*TASK*: Could you restate the entries below word for word and leave the images out?

Saved data entries
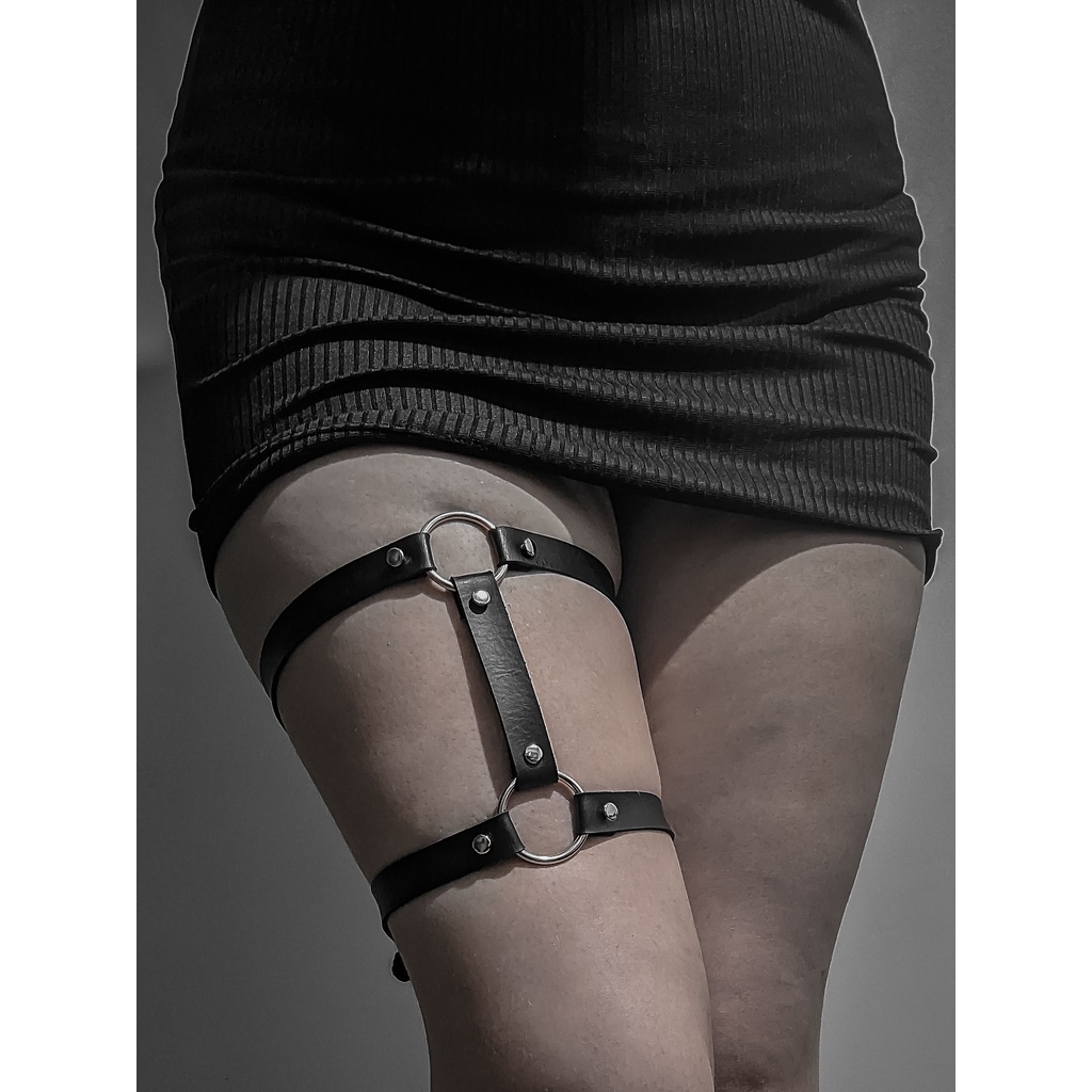 Garter Duplo com Argolas Unitário Perna Coxa Cinta Liga Gótico Punk Lingerie Halloween Fantasia plus size
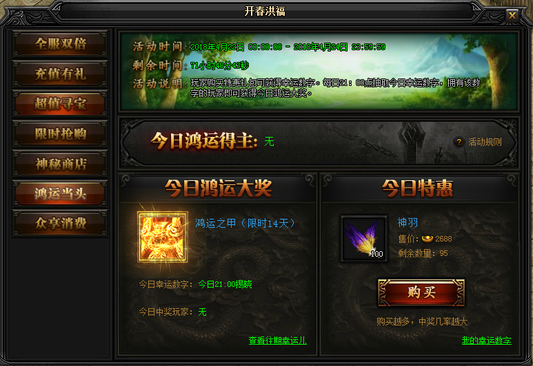 活动说明 : 玩家购买特惠礼包可获得幸运数字。每日21:00点抽取今日幸运数字,拥有该数字的玩家即可获得今日鸿运大奖。
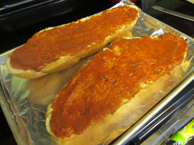 Start with….. french bread. Just buy a loaf at the grocery store and cut it in half length-wise. Now line a long baking sheet with foil (because it’s Saturday night and I don’t want to scrub a pan) and put both pieces of the bread on the sheet, cut side up.
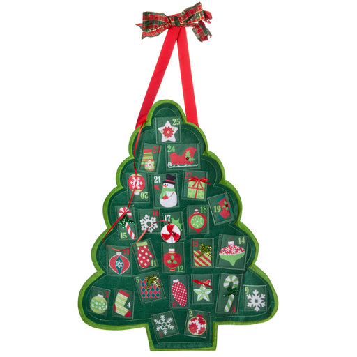 Celebrate the Advent season with this festive calendar. Shaped like a Christmas tree, this hanging door décor features 25 pockets and a movable lol...
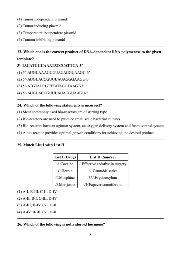 (2) A-III, B-IV, C-II, D-I
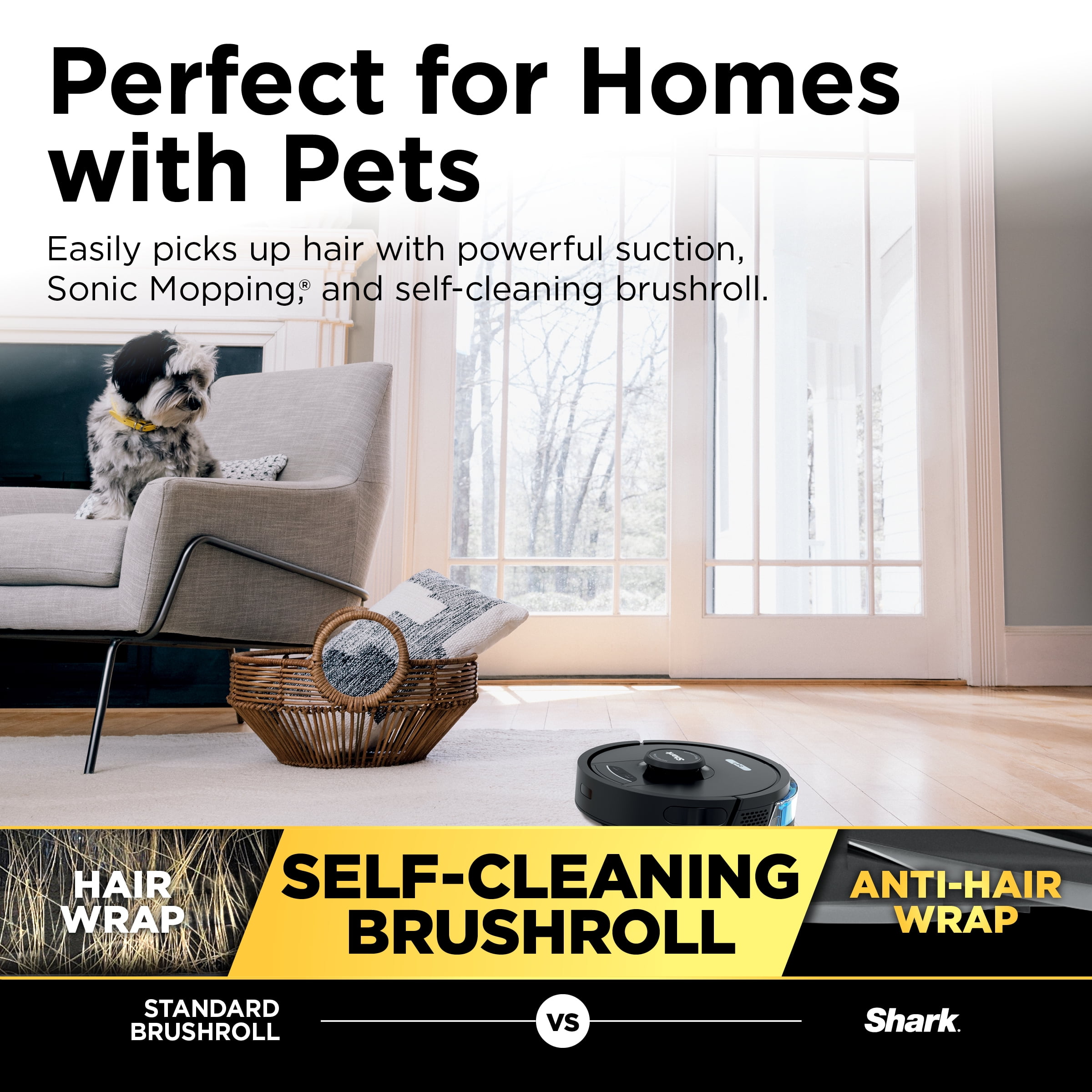 - PERFECT FOR HOMES WITH PETS: With powerful suction, Sonic Mopping, and Sharks self cleaning brushroll, the robot picks up pet hair and eliminates stuck on pet messes with ease.

*EXERCISE SOLUTION*:
 Garter Duplo com Argolas Unitário Perna Coxa Cinta Liga Gótico Punk Lingerie Halloween Fantasia plus size
 活动说明 : 玩家购买特惠礼包可获得幸运数字。每日21:00点抽取今日幸运数字,拥有该数字的玩家即可获得今日鸿运大奖。
 Start with….. french bread. Just buy a loaf at the grocery store and cut it in half length-wise. Now line a long baking sheet with foil (because it’s Saturday night and I don’t want to scrub a pan) and put both pieces of the bread on the sheet, cut side up.
 Celebrate the Advent season with this festive calendar. Shaped like a Christmas tree, this hanging door décor features 25 pockets and a movable lol...
 (2) A-III, B-IV, C-II, D-I
 - PERFECT FOR HOMES WITH PETS: With powerful suction, Sonic Mopping, and Sharks self cleaning brushroll, the robot picks up pet hair and eliminates stuck on pet messes with ease.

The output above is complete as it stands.